Así pues, enviar a la cárcel una persona no responde a lo que normalmente entendemos como castigo puesto que no hay en tal decisión la intencionalidad expresa de reducir la probabilidad futura de transgresión de la ley. Los jueces saben muy bien que no hay prácticamente ninguna relación entre la pena de prisión y la enmienda de un condenado. Una prueba de ello es que la mayoría de la población carcelaria es recidivista -véanse las estadísticas reseñadas por Bayés (1977) al respecto-. Lo que en realidad mueve un juez a decretar una pena de prisión es el sentimiento de que el culpable debe pagar por su delito. La prisión no es un castigo, en el sentido de la palabra que hemos definido -puesto que no produce los efectos esperados, ni, en el fondo, se espera que los produzca-, si no algo próximo a la venganza.
2. LA PRISIÓN COMO VENGANZA
Partiendo del castigo, hemos Ilegado a la menos noble noción de venganza para explicar la existencia de las penas de prisión. Evidentemente, esta motivación nunca figura de manera explícita en la boca de un juez, pero, ¿cómo explicar sino la persistencia de una medida -la prisión- que ha demostrado suficientemente su ineficacia? ¿La prisión no es pues más que la versión civilizada de la antigua Ley del Talión, en la cual ojo por ojo se transforma en 5 años por ojo, y diente por diente en 3 años por diente? En el fondo, la filosofía sobre la que reposa la ley del Talión es la misma que la de la prisión: en ambos casos se trata de hacer justicia igualando la cantidad de estimulación aversiva recibida por la víctima y por el culpable. ¿Por qué sino los delitos están tipificados, y a tal crimen corresponde tal pena y a tal otro, más grave, una pena superior? El hecho de fijar por adelantado un determinado período de permanencia en la cárcel presupone en el fondo la aceptación tácita de la Ley del Talión, ley que, a nivel racional, la mayoría de los jueces rechazaría.
Como lo recalca David (1979), “El hecho de que un maleante pase varios años en prisión no sustituye las joyas robadas ni cura las heridas del cajero”. La víctima no obtiene pues ninguna reparación material, pero es posible que, viendo al culpable condenado a 10 años de prisión, se sienta convenientemente vengada.
He aquí pues una primera respuesta a la pregunta que encabeza el artículo: la prisión sirve para vengar a las víctimas. Sin comentarios.
El lector puede sin embargo argumentar que la prisión no es forzosamente una venganza (en efecto, no es muy halagüeño reconocerlo) sino un simple método de disuasión. Hablemos pues de la disuasión.

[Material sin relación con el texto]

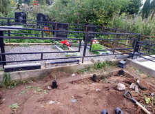 Выкапываем между захоронениями траншеи, между получившимся холмами ввариваем надёжный каркас в четыре арматурных кольца.

3. LA PRISIÓN COMO DISUASIÓN
Condenar un sujeto culpable a una pena de prisión puede justificarse esperando que su condena servirá de ejemplo a los demás, disuadiéndoles de transgredir la ley. En tal caso, el componente emotivo de venganza es, en efecto, inexistente en el ánimo del juez que pronuncia la sentencia. Desgraciadamente, la opinión según la cual una pena ajena sirve de escarmiento a los demás es tan corriente como falsa. El escarmiento era uno de los argumentos empleados por los defensores de la pena de muerte, argumento que ha sido abandonado paralelamente a la abolición de la pena de muerte. En efecto, las estadísticas muestran que no existe ninguna diferencia significativa entre la tasa de criminalidad de los países que han suprimido la pena capital y la de aquéllos que aún no lo han hecho; tampoco existe ninguna diferencia significativa, al interior de un mismo país, entre la tasa de criminalidad antes y después de la abolición (más bien aparece una Iigera disminución). De hecho, las estadísticas no son más que la confirmación de algo conocido desde hace siglos: “Frecuentemente se ha señalado que cuando se ahorcaba públicamente a los rateros, la multitud reunida para presenciar las ejecuciones era corrientemente expoliada por otros rateros, a pesar de que es difícil pensar en unas circunstancias en las que la pena capital pudiera ser un disuasivo más eficaz” (Skinner, 1953).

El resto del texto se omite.